Она и не роптала. Ощущала жизнь, как процесс, схожий с ткачеством: терпеливый, радостный ожиданием каждодневного чуда — рождения образа. Тёплый праздник души, подчас невидимый никому, даже всеведущим богам. Елена вновь, уже счастливо улыбнулась, вспомнив оставленный в спальне начатый холст, клубки ярких нитей, тщательно подобранные снасти. Многие, многие годы она творила, подобно паркам, нескончаемый покров, всякий раз по завершении распуская готовый плод и начиная новый. Возможно, когда иссякнет череда возможных отображений, наступит её черёд вкусить тёмных вод Леты. Как знать?

По мере приближения к городу, всё более людной становилась дорога, да и окрестности наполнились жизнью. Повозки, от прытких колесниц до крестьянских развалюх, конники в красных военных плащах, пешие путники. На полях и лугах замелькали работающие. Все так или иначе обращали внимание на царскую кавалькаду. По тому, насколько был выражен интерес, сразу определялось, местный житель или чужеземец. Свои, спартиаты, мимоходом выражали почтение, кланялись слегка, в то время как пришлые таращились во все глаза, быстро переходя от почти неприличного разглядывания к откровенному раболепству. Почувствовав перемену обстановки, конвой сменил тактику. Теперь двое всадников ехали в голове, предупреждая зевак, другая пара следовали позади, почти вплотную.
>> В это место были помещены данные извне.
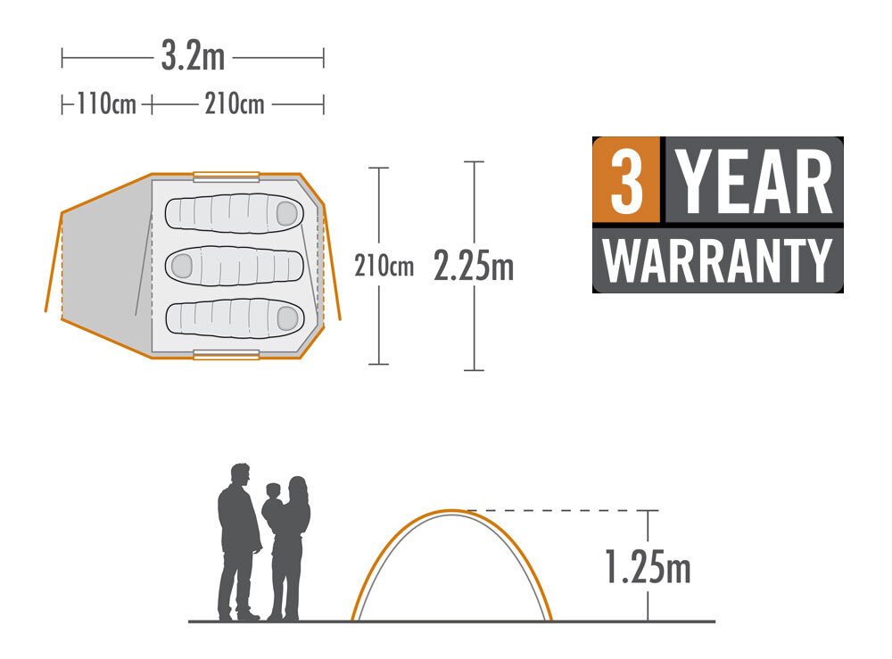 The Kiwi Camping Kea 3 is a great weekend away tent, compact and lightweight, with a storage area and windows for ventilation. Ideal for festivals and weekends away. This innovative tent has a spacious 1 room layout, complemented by a convenient vestibule area for added storage and comfort.

Постепенно пустоши и рощи перешли в пригородные насаждения. Появились первые дома, больше похожие на маленькие крепости, вблизи перекрёстков торчали жизнеутверждающие Приапы с гирляндами первоцветов на шее. А вот храм Гермесу, сопутствующему всякому странствию и торговле. Сколько раз она приезжала мимо него, возможно, тысячи, с ранних девичьих лет, при различных обстоятельствах судьбы. Надо бы принести жертву неугомонному богу, но не сейчас, она и так задержалась в пути. Всё же царица подозвала одного из конвойных, выудила из кошеля серебряную драхму, велела опустить её в амфору пожертвований у термы при входе.

Улицы и площади, мощённые булыжником, они преодолели резвой рысью, гремя и высекая искры ободьями колёс. Лишь вблизи дворца пришлось перейти на шаг. Елена с ропотом в душе разглядела необычно многолюдную толпу напротив главных ворот. Желающих увидеть знаменитую красавицу, прибывших порой издалёка, всегда хватало, но, похоже, недельная отлучка собрала дополнительные десятки пар глаз. Столь досужее внимание всегда претило царице, понимавшей при этом, что поделать ничего нельзя. Такова лишь малая часть платы за избранность свыше.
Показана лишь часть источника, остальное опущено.